Automatic speech recognition has been studied for many years. Speech in the time domain is usually converted to frequency the domain to extract diverse acoustic features, such as Mel-frequency cepstral coefficients (MFCCs) [
4]. The most classic ASR model is the Hidden Markov Model and Gaussian Mixture Model (HMM/GMM)-based ones [
5]. HMM is applied to build the state transition of the sub-phonetic sequence, while GMM is used to predict measurement probabilities of HMM states given the input feature of the speech frame. About 20 years ago, deep neural network (DNN) was introduced to ASR system to replace the GMM, i.e., HMM/DNN model [
6], which obtained higher recognition accuracy compared to HMM/GMM models due to the excellent non-linearity modeling of DNN on acoustic features. Although the performance of HMM/DNN-based models is impressive, it still has a complicated pipeline and is a highly expert-dependent work. Recently, thanks to the proposed Connectionist Temporal Classification (CTC) loss function [
7], the end-to-end ASR system came into being and achieved compelling superior performance over HMM-based models [
8]. The mapping from variable length speech frames to variable length labels can be realized by CTC automatically, which eliminates the complicated process pipeline of traditional methods. Many state-of-the-art ASR models were proposed based on the long-short term memory (LSTM) and CTC architecture, such as CLDNN [
9], deep convolutional neural networks (CNN) [
10], Deep Speech [
11], and Network-in-Network [
12].
In the early stage of our research, we attempted to use some existing ASR models to translate the ATC speech. However, all models failed to solve this issue with an acceptable performance due to following specificities of the ATC speech, which provide many challenges to translate them into texts in practice.
- (a)
Complex background noise: the ATC speech is transmitted by radiophone system which causes some unexpected noises and the ambient noise of ATCOs’ office also affects the intelligibility of the speech [
13]. Different application scenes make the noise more diverse and complicated, which is hard to be filtered. Based on the open THCHS30 (Mandarin Chinese) [
14] and TED-lium (English) [
15] corpus, we use the PESQ [
16] to evaluate the quality of the training samples used in this work. Based on a reference speech (THCHS30 and TED-lium in this work), the PESQ gives a score between 1 (poor) and 4.5 (good) for evaluating the quality of speech, and 3.8 is the acceptable score for the telephone voice. Finally, the measurements for the Chinese and English speech used in this work are 3.359 and 3.441 respectively.
- (b)
High speech rate: the speech rate in ATC is higher than that of speech in daily life since ATC requires high timeliness.
- (c)
Code switching: to eliminate the misunderstanding of ATC speech, the International Civil Aviation Organization (ICAO) has published many rules and criteria to regulate the pronunciation for homophone words [
17]. For example, ‘a’ is switched to ‘alpha’. The code switching makes ATC speech more like a dialect which is only applicable in ATC.
- (d)
Multilingual: In general, the ATC speech of international flights is in English, while the pilot of domestic flights usually uses local language to communication with ATCOs. For instance, Mandarin Chinese is widely used for ATC communication in China. More specifically, the Civil Aviation Administration of China (CAAC) published the ATC procedure and pronunciation in China on the basis of ICAO. Based on related ATC regulations, Chinese characters and English words are usually in one sentence of ATC speech, which generates special problems over universal ASR.

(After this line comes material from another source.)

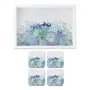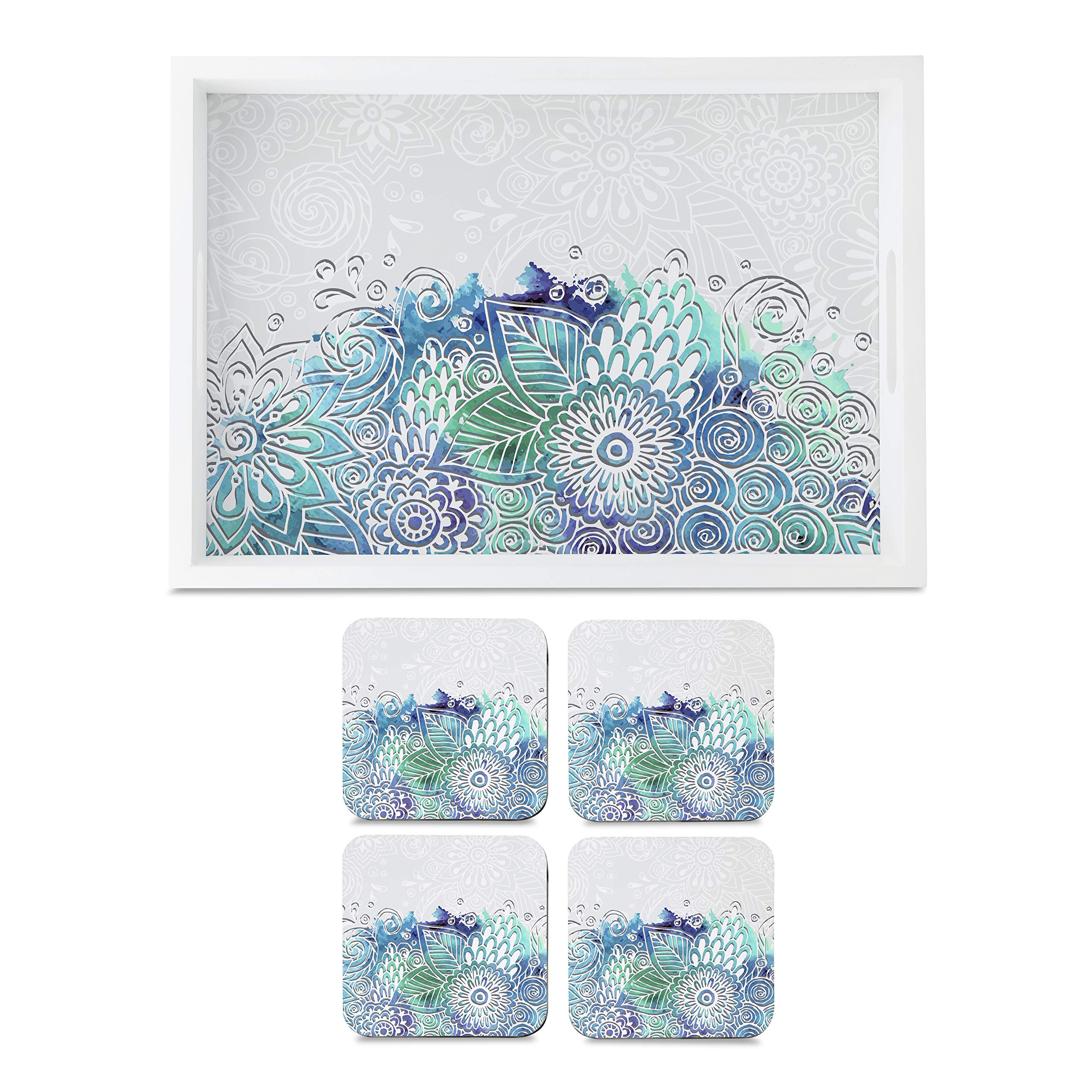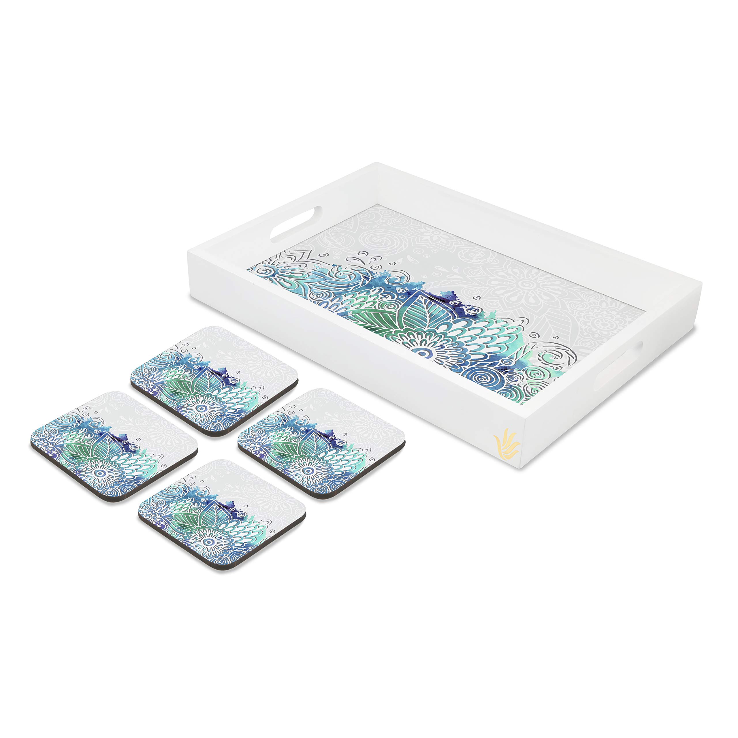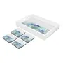 HomeKitchenDining setsCoaster SetBIJNOR - METAL INLAY IN WOOD Tray & Coaster Set Abstract Flowers Design - Combo Offer. Kitchen Dining Serving & Desk Set of 1 Tray 10" x 14" and 4 Tabletop Square Drinks Coasters 3.75" x 3.75" Made in Wood

Actually, ASR has been applied to many air traffic works. Kopald et al. reviewed the importance of ASR on reducing human errors in air traffic operation [
18]. Ferreiros et al. studied the speech interface for air traffic control and designed a system for voice guidance in terminals [
19]. A semi-supervised learning approach was proposed to extract the semantic knowledge from the speech for improving the ASR performance in ATC [
20]. Cordoba et al. presented an overview of ASR techniques and proposed an ASR system for cross-task and speaker adaptation in air traffic control [
21]. An automatic speech semantic recognition system was explored to assist air traffic controller and Human-in-the-Loop (HITL) simulations were conducted to evaluate the performance of the studied system [
22]. A challenge for air traffic speech recognition was held by Airbus, in which there are two tasks to be completed, i.e., speech recognition and call-sign detection [
23]. Over 20 teams submitted their models to test the performance, which shows the importance of taking advantages of ASR for ATC research. The dialect ASR is also a hot research and several methods were proposed in [
24].
Furthermore, only ASR outputs, i.e., computer readable texts, cannot be processed by current ATCSs effectively. ATC related elements are also needed to be extracted from ASR outputs for further processing, i.e., controlling instruction understanding (CIU). Generally, there are two types of data that implied in ATC speech, controlling intent (CI) and parameters (CPs), which is similar with the tasks for spoken language understanding. A support vector machines (SVM)-based method was proposed to infer intent of the call speech by Haffner [
25], while conditional random fields (CRFs) [
26] and maximum entropy Markov models [
27]-based algorithms were proposed to label the semantics. Recently, deep learning-based models were proposed to finish the two tasks jointly, such as LSTM-based [
28] and CNN-based [
29] and recursive neural network-based [
30] architectures. Experimental results showed that the models solving the two tasks jointly achieved the state-of-the-art performance for language understanding.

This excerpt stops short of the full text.